Ma visiteuse n’a plus envie de partir. Il semblerait au contraire qu’elle trouve un certain agrément à ma compagnie.
On s’écluse une gorgée de rouille. Le matin, ça décape. Je sens le frais breuvage friser sur ma langue comme une touffe de petits poils de cul.
— Votre visite dans la chambre, attaqué-je, elle était préméditée ou bien est-ce ce qu’on appelle le fruit du hasard ? Parce que si c’est le fruit du hasard, m’est avis qu’il est drôlement mûr, non ?
Elle hausse les épaules.
— Comment aurais-je pu prévoir votre venue d’abord, et ensuite qu’on vous affecterait l’appartement que je venais de quitter ?
Alors disons que le Bon Dieu fait bien les choses…
— C’est Thomson qui vous a chargé de rechercher papa ?
— Exact.

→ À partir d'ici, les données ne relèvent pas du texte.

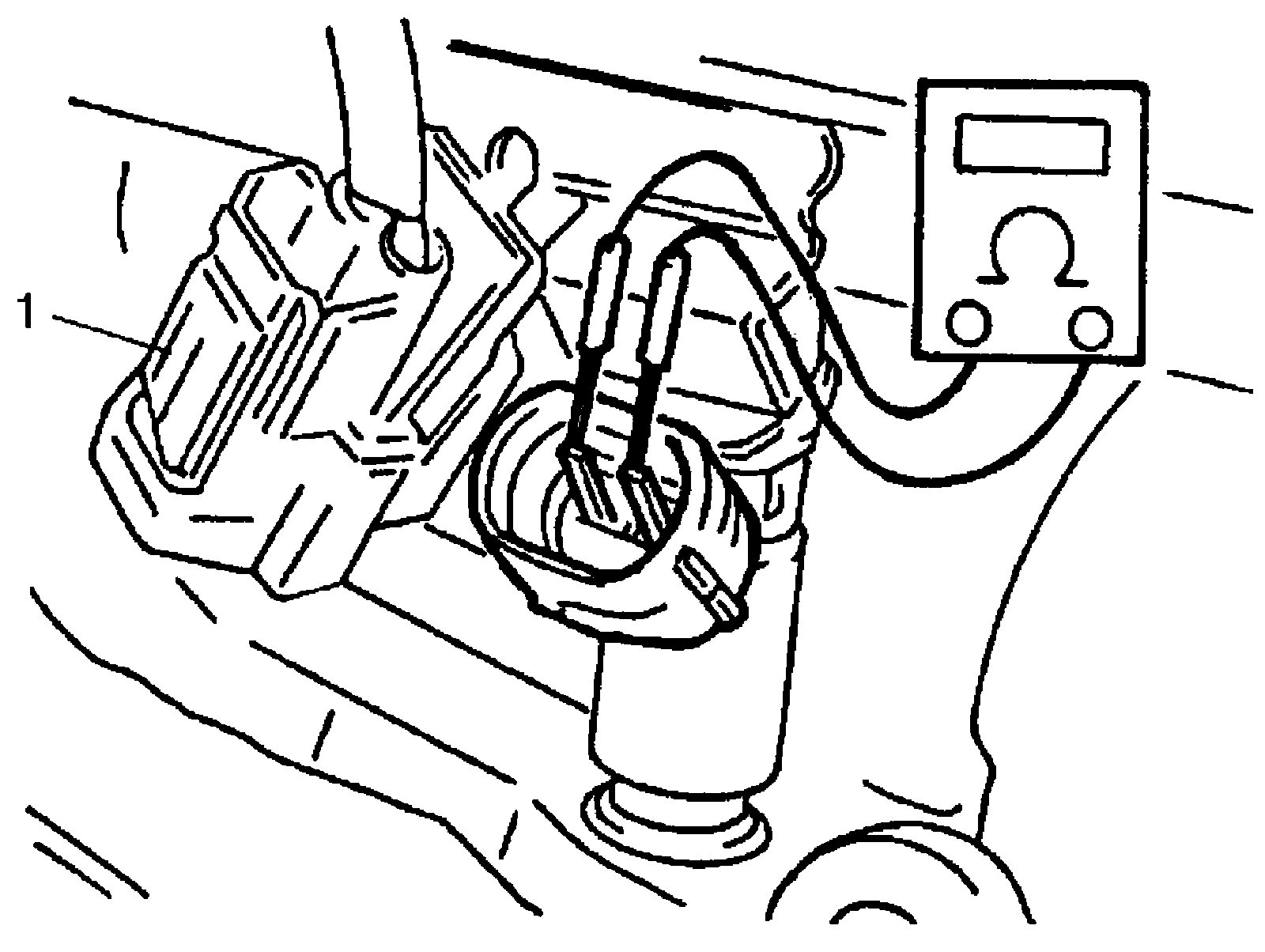 2. Disconnect connector (1) from injector, connect ohmmeter between terminals of injector and check resistance.

Vous le connaissez ?
— Il m’a suivie pendant plus d’une semaine.
— Vous recherchez réellement votre père ?
— Naturellement, pourquoi ?
— Vous pourriez vouloir promener ceux qui sont à ses trousses.

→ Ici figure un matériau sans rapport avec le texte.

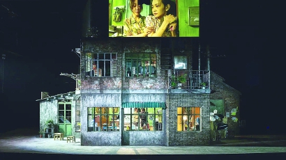 舞台上,一座三层楼高的老旧居民楼拔“地”而起。这座楼不仅可360度无死角旋转展示每个房间,“高精度”还原了上世纪90年代的重庆市井街坊的场景。闪烁的霓虹灯、简陋的小卖部、破碎的张贴画、破旧狭窄的小巷,极力营造了一个昏暗又湿漉漉的环境。更吸睛的是,核心段落采用的“一半是电影,一半是舞台”推进手法——即时影像“直播”被引入舞台,一块屏幕被悬置于“居民楼”上方供观众“审阅”室内剧情。只要人物走进房间,手持摄影师便开始用镜头“说话”,扫过关键道具,紧跟走位,无声地“说”出人物之间的情绪变化和危险关系。最长的一个镜头长达八分钟,高质量的长镜头犹如小电影一般,在舞台上成就了多场精彩的“戏中戏”。

Elle hoche pensivement la tête.
— Non. Je voudrais bien avoir de ses nouvelles.
Je me sers un nouveau gorgeon. La demoiselle O’Bannon fait un faux mouvement et sa culotte ensorceleuse choit sur le tapis. Spontanément, je me baisse pour la ramasser ; mais je me dis que dans le fond, il faut savoir manquer de galanterie parfois pour être tout à fait gentleman et je lui laisse ce soin. Nos visages se trouvent à moins de six centimètres l’un de l’autre, ce qui ne constitue pas un fossé infranchissable entre deux êtres jeunes et ardents.
— Si vous me racontiez un peu ? dis-je une fois qu’elle a récupéré son bien.

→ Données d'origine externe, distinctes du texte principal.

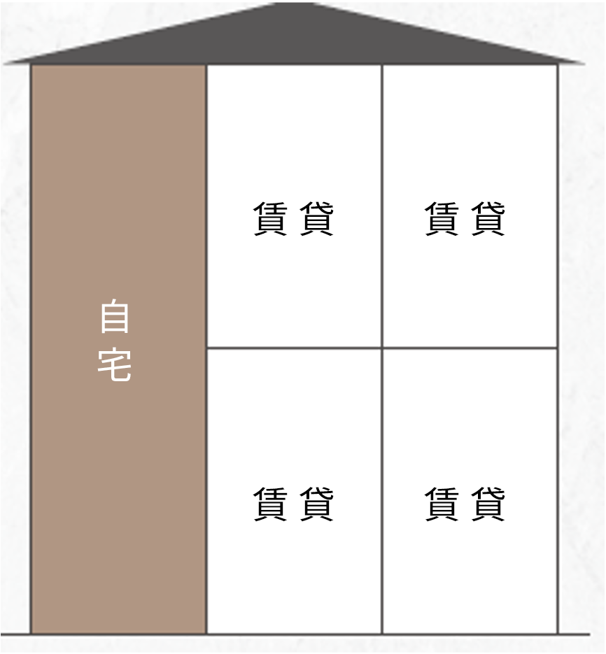 | 賃貸戸数 | 自宅+賃貸4部屋(1LDK×4) |

Je ne parviens pas à arracher mes yeux de ce slip coquinet ; comme dirait Woody Allen : je voudrais être lui.
Elle répond à ma question par une autre, ainsi qu’il est d’usage chez les gonzesses.
— Si vous retrouvez mon père, que ferez-vous ?
— Je donnerai un coup de fil à Ted Thomson pour lui communiquer l’adresse de M. O’Bannon, mon petit, puisque je suis payé pour ça.
— Et si je vous donnais, moi, le double de ce que vous a proposé Thomson, accepteriez-vous de travailler pour moi ?
Je lui souris.
— Si je vous répondais que oui, miss O’Bannon, vous ne pourriez pas avoir confiance en moi, car cela prouverait que je serais un infâme margoulin sans dignité.
Elle opine.
— Puis-je vous demander votre prénom ? risqué-je.
— Cathy.
— Cathy, reprends-je, personnellement je n’ai rien à l’encontre de votre daddy ; si mon flair légendaire me faisait le retrouver et que vous fussiez en ma compagnie, rien ne vous empêcherait de le prévenir pendant que j’alerterais Ted Thomson.
Dis, l’artiste, tu suis la trajectoire du mec ? Ça, c’est de l’acrobatie sans visibilité, non ? Tu la vois se pointer, la grosse bébête à l’Antonio ? Elle montre déjà le bout de l’oreille, non ? Des trucs commak, c’est comme si t’avais déjà la braguette ouverte !
Cathy O’Bannon me dévisage très gravement, en fille de tête.
— Je ne vois pas très bien où vous voulez en venir, dit-elle.
Lui faire un dessin ? Ça risquerait de tourner au graffiti de pissotière…
— A ceci, Cathy : pour l’instant nous avons vous et moi un objectif commun qui est de retrouver monsieur votre père. Mettons nos billes ensemble pour y parvenir. Et si nous y parvenons, chacun agira à sa guise, sans tenir compte de l’autre. Croyez-moi, ça se défend.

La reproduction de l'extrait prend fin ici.